23 October 

Just occasionally we get to see something which fires the imagination, giving us an awareness of the extraordinary possibilities of the performing arts. Samsara from the Aarkash Odedra Company, is a ‘road story’ based on the classic Chinese tale, Journey to the West, of monks who set off on a journey, both literal and metaphorical, and is told from the perspective of the Sanskrit word, ‘Samsara’, the concept of the constant, cyclical flow of life.

With dancers, Aakash Odedra and Hu Shenyuan the company has two artists with almost unfathomable, preternatural powers of description. Each with limbs which seem almost liquid in their articulation (I use the term in both senses) and shifts our understanding such that it becomes illuminated by a new, oblique and unfamiliar light. This is dance as language and language as dance in an expression of the constant yearning for something ‘higher’.

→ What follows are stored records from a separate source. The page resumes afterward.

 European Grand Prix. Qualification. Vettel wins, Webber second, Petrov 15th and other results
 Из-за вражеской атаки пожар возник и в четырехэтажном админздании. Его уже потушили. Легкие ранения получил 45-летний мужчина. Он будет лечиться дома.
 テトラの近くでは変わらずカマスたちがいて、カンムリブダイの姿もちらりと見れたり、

Beginning with a birth or rebirth, one human from another, it explores the flow, the constant human yearning for a spirituality, a completion that never comes; in short the human condition in its cyclical round. The dance offers a window to possible, inchoate meanings where the physical and ethereal join forces. From the birth quickly arises a cultural conflict symbolised by stylised martial combat. From here a conciliation leads to a journey through a land of strange idols and which is accompanied by the constant tensions that both separate and bind us together.

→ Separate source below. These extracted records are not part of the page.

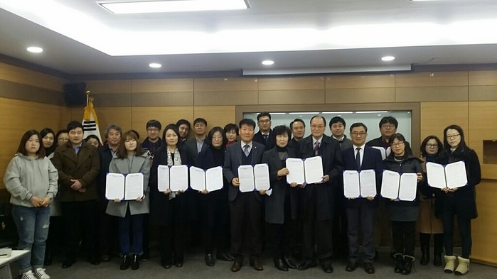 | ▲ 창원시가 지난 6일 노인일자리지원기관 등 민간수행기관 18개소와 ‘2017년 노인일자리 및 사회활동지원사업 위탁협약’을 체결한 후 단체로 기념촬영하고 있다.<사진제공=창원시청> |
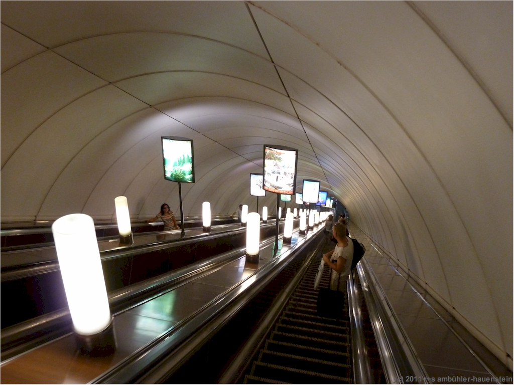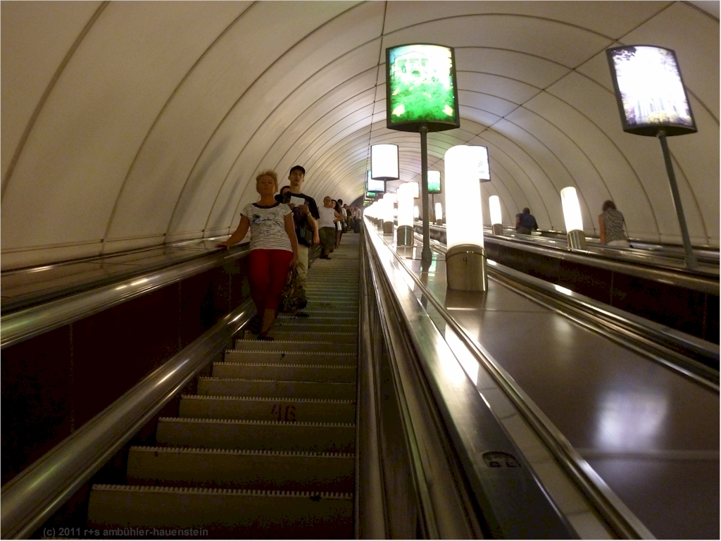 kurz nach 1400 uhr sind wir wieder beim hotel. katrin schreibt, dass sie zusammen mit daniel im flughafen zu mittag isst. wir holen unser gepäck und gehen noch einmal zum einkaufszentrum bol'shoy gostiniy dvor. wir würden gerne daniel und katrin etwas mitbringen und auch wir hätten gerne ein souvenier von sankt petersburg, aber wir finden einfach nichts, was uns gefällt. schliesslich nehmen wir die metro und fahren zum finnland bahnhof. erneut beeindrucken uns die unglaublich langen rolltreppen.
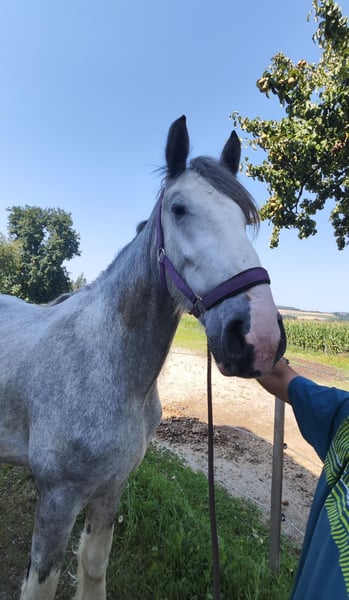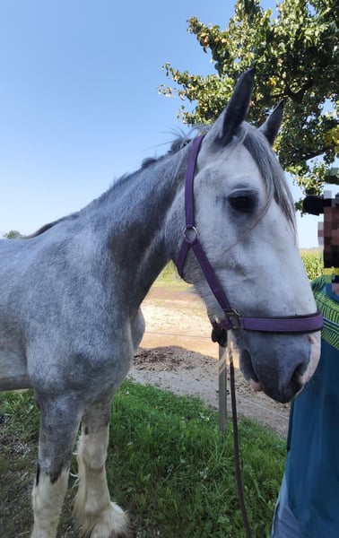 ✨ Étalon de Shire – impressionnant, amical et doté d’un caractère fort ✨ Nous proposons à la vente un magnifique étalon de Shire, né en 2022. Ce splendide gris perle se distingue par sa taille impressionnante de 1,80 m, son allure élégante et son tempérament calme et équilibré. Il séduit par son caractère doux et sa volonté d'apprendre – un véritable eye-catcher, qui impressionne par son charisme et sa nature amicale. Au quotidien, il se montre attentif, proche de l’humain et facile à vivre. L’étalon est en bonne santé, régulièrement vacciné et vermifugé. Il convient parfaitement à des cavaliers expérimentés, qui prennent plaisir à continuer son dressage et à favoriser son développement. Étant un étalon non castré, la opération de castration coûtera environ 2 000 €, ce qui explique son prix nettement inférieur à sa valeur initiale – au lieu de 8 500 €, il est proposé à 4 900 €. Cette réduction de prix vise à assurer qu’il trouve des mains responsables, où il pourra continuer à évoluer et à recevoir les soins appropriés. Avec son allure impressionnante, son tempérament calme et ses solides bases, c’est un cheval idéal pour ceux qui recherchent quelque chose d’exceptionnel – un Shire Horse avec du cœur, de la force et beaucoup de potentiel.
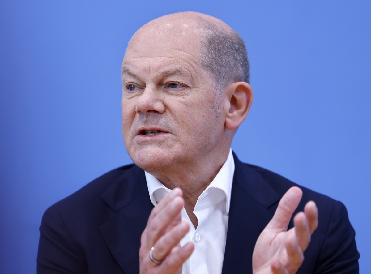 epa10745260 German Chancellor Olaf Scholz talks about domestic and foreign policy issues during the annual summer press conference in Berlin, Germany, 14 July 2023. EPA/HANNIBAL HANSCHKE
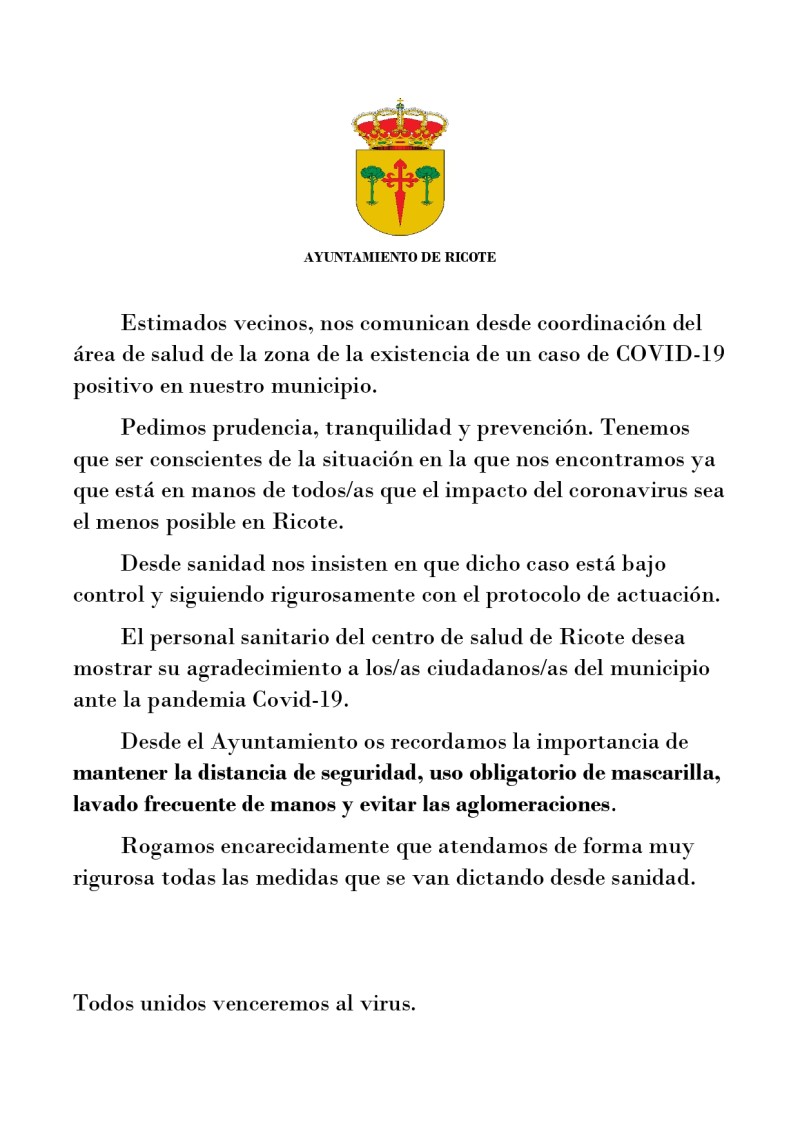 “COMUNICADO OFICIAL COVID-19 RICOTE”
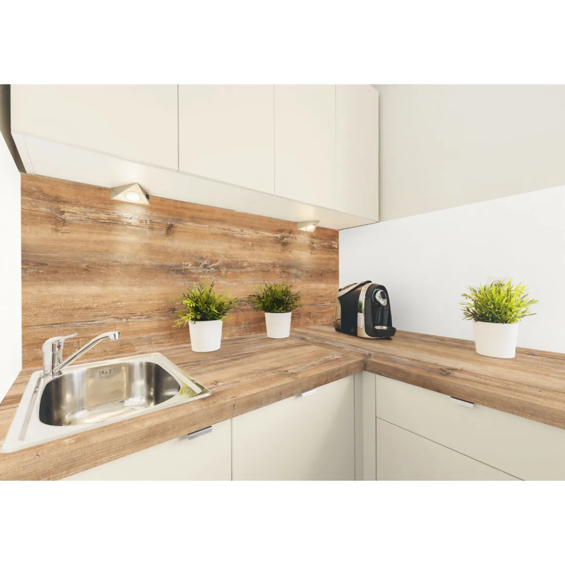 Nischenrückwandplatte Sonoma Eiche, beidseitig verwendbar, pflegeleichter Fliesenersatz, hohe Kratzbeständigkeit und Stoßbeanspruchung.

The piece is visually rich in stunning images which abound throughout the piece. These spring from the peerless dancing of the duet and the precise lighting of Yaron Abulafia. The dance works within a combination of sounds – the soaring vocals of composer, Nicki Wells, the exciting, dramatic and driving percussion of Beibei Wang and the unsophisticated yet complex sound and singing of Michael Ormiston – conveying something powerfully atavistic.

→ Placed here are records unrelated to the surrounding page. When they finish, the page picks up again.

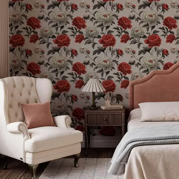 Tapeta Pivoňky v retro stylu na béžovém pozadí Nr. a00107
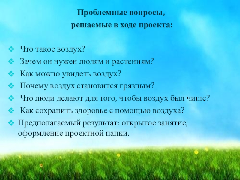 -дать детям элементарные представления об источниках загрязнения воздуха о значении чистого воздуха для всего живого и для здоровья человека в частности;
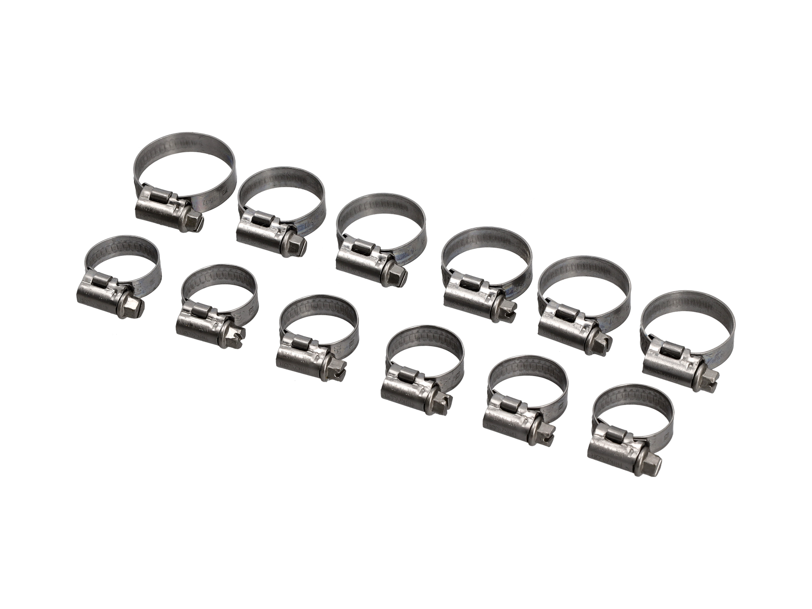De set bevat alle benodigde slangklemmen om de gespecificeerde slangenset te installeren. De meegeleverde klemmen zijn van een hoogwaardig standaardontwerptype in volledig roestvrij staal (W4-klasse) met een gestempelde band om de impact op het slangoppervlak te minimaliseren.
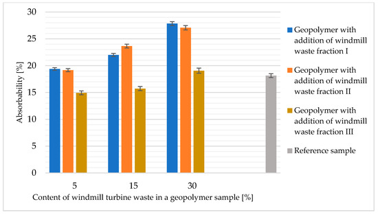 Absorbability of geopolymer samples based on fly ash and sand with the addition of waste from windmill turbines.
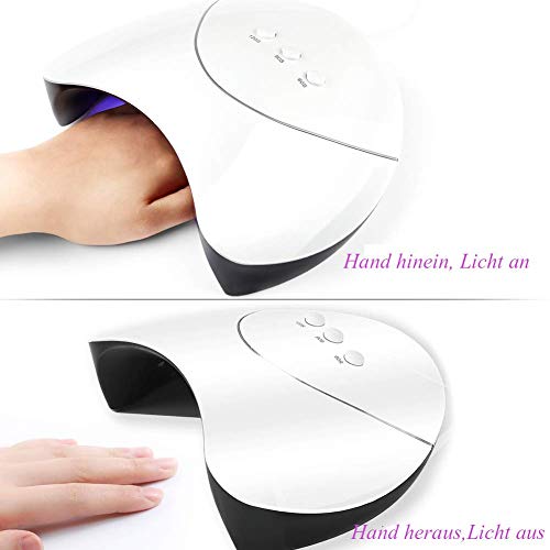 Professionelles Aushärtungsgerät (36 W) kann man die passende Zeiteinstellung (60s/90s/120s) oder Auto-Sensor benutzen
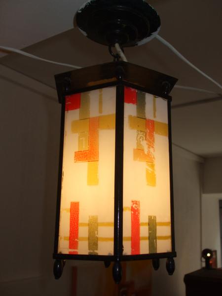 Zwanziger Jahre Deckenlampe. Die Bemalung der Lampe ist etwas berieben. Mit der Aufhängung ist die Lampe im Stil einer Laterne nur 35cm tief.
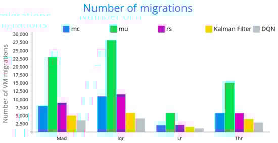 To assess the effectiveness of the proposed strategy, a comparison and analysis with existing migration and VM selection strategies are required. In this experiment, four VM selection strategies are compared against the DRL selection strategy: the Kalman filter prediction (KAL), random selection (RS), minimum utilization (MU), and maximum correlation (MC) [].
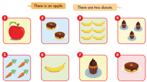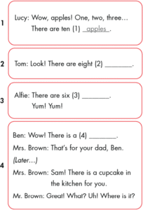 1. Lucy: 🔊 Wow, apples! One, two, three… There are ten apples. (Uầy, táo này! Một, hai, ba… Có mười quả táo.)
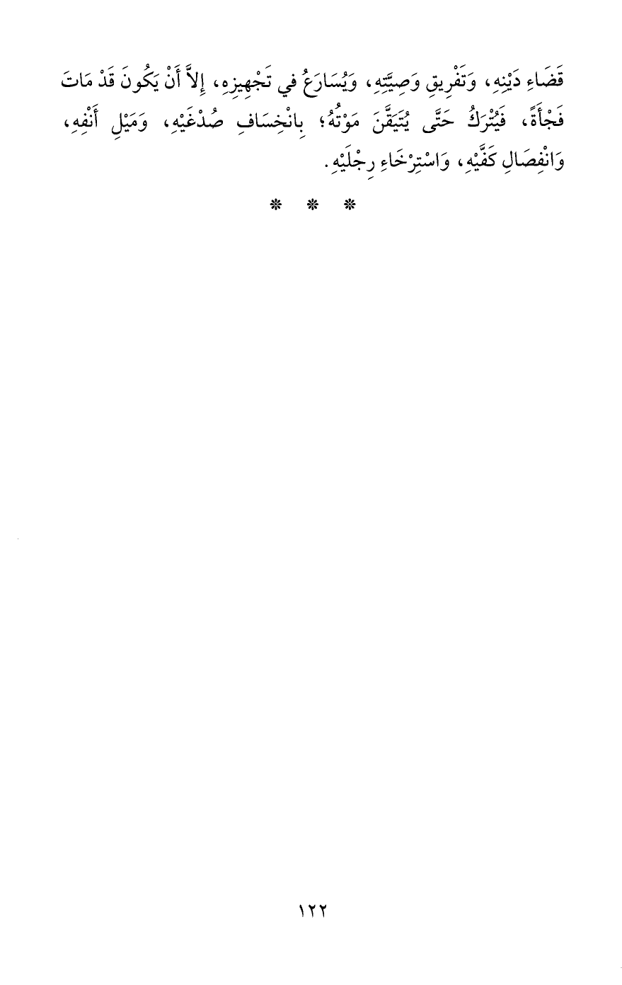قَضَاءِ دَيْنهِ، وَتَفْرِيقِ وَصيَّتِهِ، وَيُسَارَعُ فِي تَجْهِيزهِ، إِلَّا أَنْ يَكُونَ قَدْ مَاتَ فَجْأَةً، فَيُتْرَكُ حَتَّى يُتَيَقَّنَ مَوْتُهُ؛ بِانْخِسَافِ صُدْغَيْهِ، وَمَيْلِ أَنْفِهِ، وَانْفِصَالِ كَفَّيْهِ، وَاسْتِرْخَاءِ رِجْلَيْهِ.
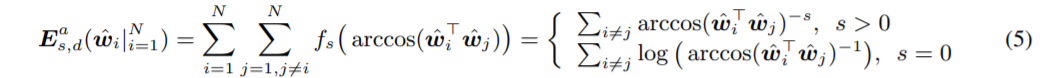 하나의 layer에 N개의 neuron이 있고 각 weight는 d+1 dimension을 가질 때의 상황이다. $f_{s}$는 decreasing real-valued function이며 뭘 쓸지는 선택할 수 있는데 이 논문에서는 $f_{s}(z) = z^{-s} (s>0)$ 를 사용한다. $\hat{w_{i}}$ = $\frac {w_{i}} {||w_{i}||}$ (unit hypersphere에 projection된 neuron)
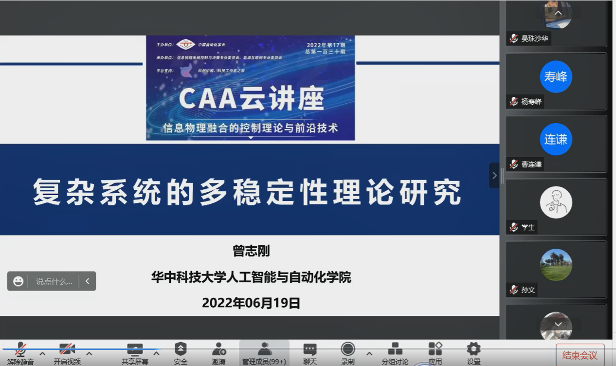 【CAA云讲座】信息物理融合的控制理论与前沿技术论坛 成功举办!

The result shows us there need not be a separation between this heritage or that heritage, nor indeed some kind of homogenised blend, but suggests a fusion, literally the joining together of two distinct things to make something new in which the originals remain discrete and yet enhanced by the other.

The result is magnificent and uplifting, a tour de force of the application of physical skill to the imaginative possibilities, not only of dance, but of all the arts when approached in the spirit of discovery. It is a show which can be highly recommended to all, whether they have an interest in dance or not.